* _WHAT YOU NEED TO DO_: Only one stretch of the data below is needed. Output the lines from the one with "కోటిగిరి హైస్కూల్లో బాలికల" up to and including the one with "నిజామాబాద్ జిల్లాలోని 353", exactly as they stand.

* _DATA EXCERPTS_:
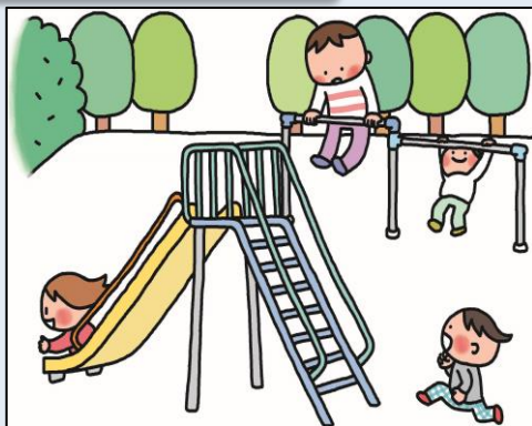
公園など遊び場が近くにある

* * *

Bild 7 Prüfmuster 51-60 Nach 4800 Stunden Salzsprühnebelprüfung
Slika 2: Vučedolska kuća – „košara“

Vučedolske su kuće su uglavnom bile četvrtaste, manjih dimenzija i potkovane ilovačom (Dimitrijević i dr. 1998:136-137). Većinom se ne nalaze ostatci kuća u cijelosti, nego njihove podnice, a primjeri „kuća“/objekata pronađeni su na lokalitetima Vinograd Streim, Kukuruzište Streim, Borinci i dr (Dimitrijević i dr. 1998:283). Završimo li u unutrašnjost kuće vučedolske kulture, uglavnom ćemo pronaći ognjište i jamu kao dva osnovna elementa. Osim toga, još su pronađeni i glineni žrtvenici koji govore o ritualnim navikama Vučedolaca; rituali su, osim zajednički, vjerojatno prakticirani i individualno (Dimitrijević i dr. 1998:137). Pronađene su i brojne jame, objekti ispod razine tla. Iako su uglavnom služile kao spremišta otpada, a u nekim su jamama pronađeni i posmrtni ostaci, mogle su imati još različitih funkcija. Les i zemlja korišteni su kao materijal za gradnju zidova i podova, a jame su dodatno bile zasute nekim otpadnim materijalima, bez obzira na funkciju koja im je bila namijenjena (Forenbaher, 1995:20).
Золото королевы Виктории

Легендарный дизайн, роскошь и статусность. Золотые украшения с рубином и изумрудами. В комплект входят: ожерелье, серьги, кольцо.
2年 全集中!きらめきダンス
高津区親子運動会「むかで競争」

--

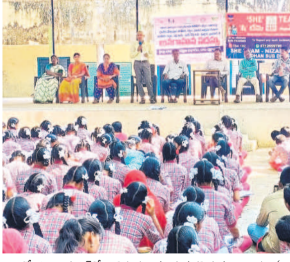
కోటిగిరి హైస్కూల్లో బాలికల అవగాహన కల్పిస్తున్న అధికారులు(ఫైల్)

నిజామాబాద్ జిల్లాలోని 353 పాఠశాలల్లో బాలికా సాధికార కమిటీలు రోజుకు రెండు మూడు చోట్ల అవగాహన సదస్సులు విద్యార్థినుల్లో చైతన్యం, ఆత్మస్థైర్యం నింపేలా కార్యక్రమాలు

* _REPLY TO THE TASK_:
కోటిగిరి హైస్కూల్లో బాలికల అవగాహన కల్పిస్తున్న అధికారులు(ఫైల్)

నిజామాబాద్ జిల్లాలోని 353 పాఠశాలల్లో బాలికా సాధికార కమిటీలు రోజుకు రెండు మూడు చోట్ల అవగాహన సదస్సులు విద్యార్థినుల్లో చైతన్యం, ఆత్మస్థైర్యం నింపేలా కార్యక్రమాలు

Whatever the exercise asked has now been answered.